無常を見る感じ「師の役割り」

私には特定の師はいないため、これは個人的な感想であるが、無常を見るとはどのような感じなのかを、記してみたい。

私が「無常」を初めてはっきりと見たのは、瞑想を始めて1年半くらい経ったころだっただろうか。
とはいえ、10日間瞑想リトリートの2回目で、途中瞑想も中断していて、私としてはすんなりとそうなったので、それが特別なことだとも思っていなかった。

瞑想をしていると、スイッチをパチっと切り替えたように、感覚が変わる。
そのとき、全体がなにか満たされるような安心感を感じ、全てが光に包まれる。
身体の中に入ったように、まるで水に潜ったように周囲が遠のくように感じる。
入る前は表面的な感じだったのが、中にはいると内と外の感じが無くなる。
そして、その光はハッキリと見えていて、水蒸気の中にいるようにシューっと振動するように感じる。
しばらくすると、もう一段階中にグンッと入っていき、さらに微細に、高速に、軽く感じた。

これは、おそらく「生滅智」という智慧の段階で、生成と消滅と光明(ヴィパッサナー汚染)を見ているのだろう。
そして、「サマーパティ」もしくは、「刹那定(カニカ・サマーディ)」であるとも考えられる。

ちなみに、瞑想中の光についてはここで考察している。

瞑想の話はあまり人としなかったため、特に自分の体験を話すこともなく、そういうことも起こるんだと、気にしていなかった。

しかし、一方で、無常を見るとはどういうことだろうかとずっと疑問には感じていた。
なぜなら、仏教の解説では、1秒間に数え切れないほど高速に生成消滅をするとあり、なにかとても難しいことのように聞かされていたからだ。
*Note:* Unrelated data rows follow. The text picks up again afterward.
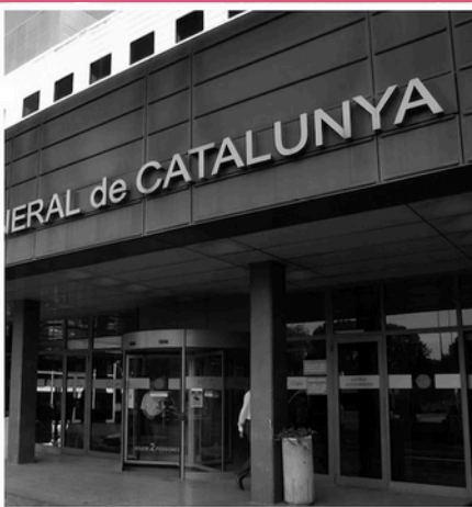
HOSPITAL GENERAL DE CATALUNYA (BARCELONA)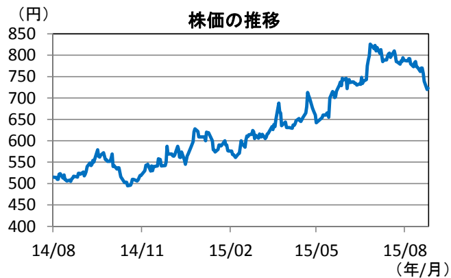
(期間) 2014年8月1日～2015年8月25日 (出所) QUICKのデータをもとに岡三アセットマネジメント作成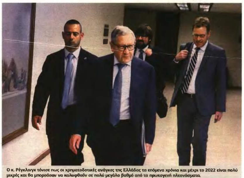
Ο κ. Ρέγκλιγκ τόνισε πως οι χρηματοδοτικές ανάγκες της Ελλάδας τα επόμενα χρόνια και μέχρι το 2022 είναι πολύ μικρές και θα μπορούσαν να καλυφθούν σε πολύ μεγάλο βαθμό από τα πρωτογενή πλεονάσματα.

Προχθές το βράδυ, μετά τη συνεδρίαση του Eurogroup, ο επικεφαλής του Ευρωπαϊκού Μηχανισμού Σταθερότητας, Κλάους Ρέγκλιγκ , είχε επισημάνει ότι η κυβέρνηση πρέπει να αναπτύξει έγκαιρα μια καλή επικοινωνιακή στρατηγική με τους επενδυτές, κάτι που έπραξαν με επιτυχία οι τρεις άλλες πρώην μνημονιακές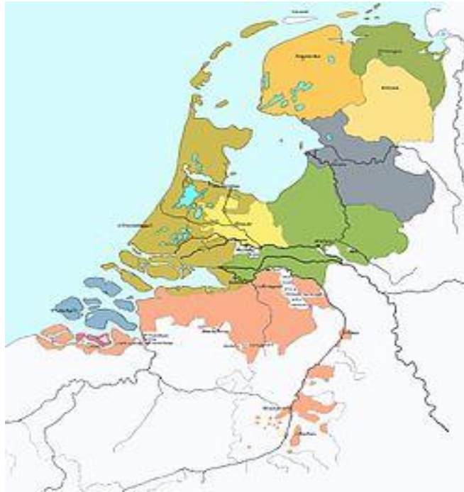
Kaart van die Nederlandse Republiek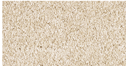
39 4m + 5m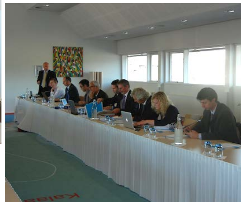
EUs delegation til Fiskeriforhandlingerne på Hotel Arctic i Ilulissat.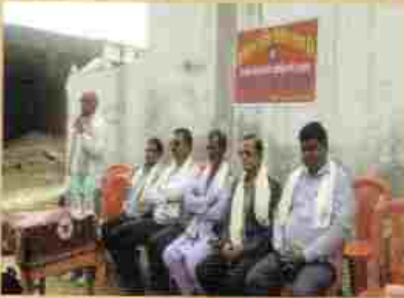
सम्मेलनको उद्घाटन समारोह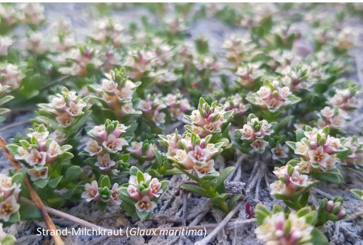
Strand-Milchkraut ( Glaux maritima )

Landesamt für Umwelt, Naturschutz und Geologie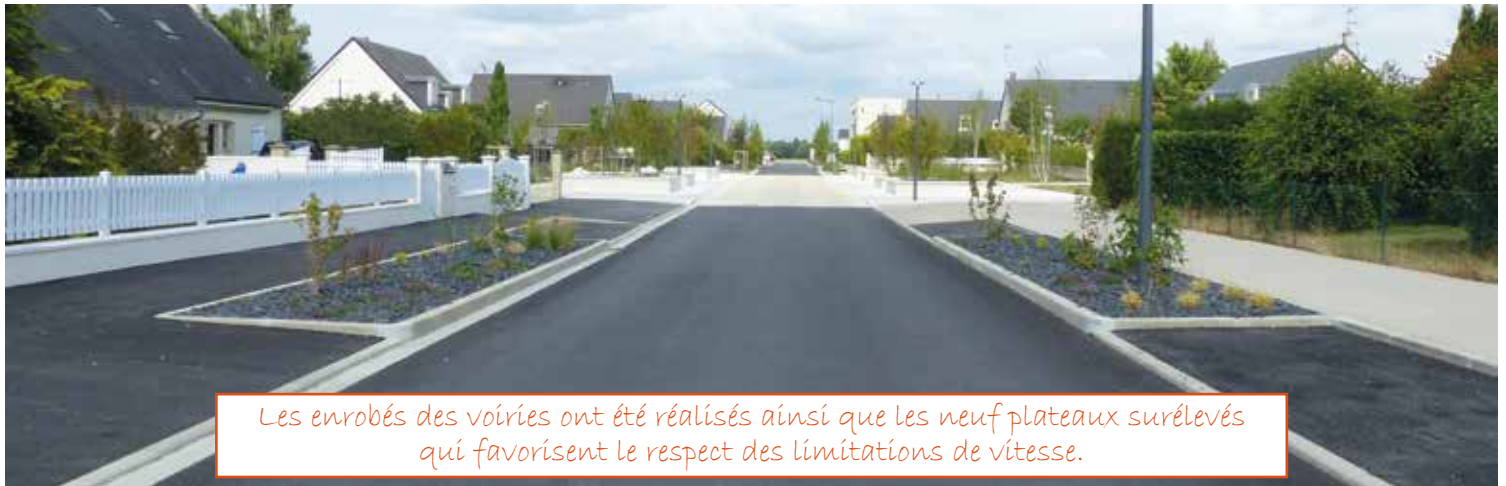
Les enrobés des voiries ont été réalisés ainsi que les neuf plateaux surélevés qui favorisent le respect des limitations de vitesse.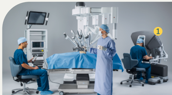
▼ダビンチによる手術のイメージ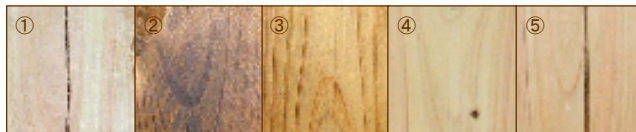
① ブランク (未塗工) ② JIS1号 クレオソート油 ③ EMC-3000 ④ EMC-2000 ⑤ EMC-1000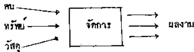
แบบรูปที่ 2

หัวใจของการบริหารมีไต่อยู่ที่ปริมาณของปัจจัยนี้ แต่อยู่ที่คุณภาพของปัจจัยนี้ โดยเฉพาะด้านการจัดการ ซึ่งหมายรวมถึงการมีภาวะผู้นำ การจูงใจคน และสมรรถนะอื่น ๆ ที่จะทำให้เกิดผลงานที่มีประสิทธิภาพ จากข้อเท็จจริงของจะอนุมานได้ว่า ถ้าจัดให้มีการพัฒนาการบริหารขึ้น โดยพัฒนาปัจจัยสี่นี้แล้ว ส่วนราชการจะผลิตผลงานไต่มากขึ้น ถ้าให้ปัจจัยทั้งสี่ไต่เท่าเดิม หรือจะสามารถผลิตผลงานไต่เท่าปัจจุบันโดยใช้ปัจจัยน้อยลง

確かに振り返ってみれば、無常と呼んでもいい現象だった。
しかし、無常はそれ自体が「無常」なのではなく、捉え方によるのではないだろうか。
また、無常に気づいているなにかはあるのだ。それは主体と客体ほど分離があるわけでもない。それ自体がそうであっても、連続性を捉えられるということは、それは無常であるとは言えないのだ。
そうして、私は瞑想の体験をずっと保留し続けた。

ここに師の役割りについて考えてみたい。
師の役割りとは、弟子に無常を見せることではなく、弟子が無常を見ているときに「それが無常だ」と示すことにあるのだろう。
弟子を悟らせるのではなく、弟子が悟ったときに、「それが悟りだ」と知らしめること。
さらには、例えばここでの「光」は汚染である、つまり執着となるということも注意しなければいけない。

師は弟子の準備が整ったときに現れる。

それはまさに、指し示してくれる人であって、代わりに準備を整えてくれる人でも、悟らせてくれる人ではない。

誰かとの出会いによって変容するということはなく、変容するタイミングで、ちょうどその人と出会ったのだ。感謝はするが、依存はしない。

アーナンダよ。修行僧たちはわたくしに何を期待するのであるか?
わたくしは内外の隔てなしに(ことごとく)理法を説いた。完き人の教えには、何ものかを弟子に隠すような教師の握拳は、存在しない。

向上につとめた人は『わたくしは修行僧のなかまを導くであろう』とか、あるいは『修行僧のなかまはわたくしに頼っている』とか思うことがない。向上につとめた人は修行僧のつどいに関して何を語るであろうか。

この世で自らを島とし、自らをたよりとして、他人をたよりとせず、法を島とし、法をよりどころとして、他のものをよりどころとせずにあれ。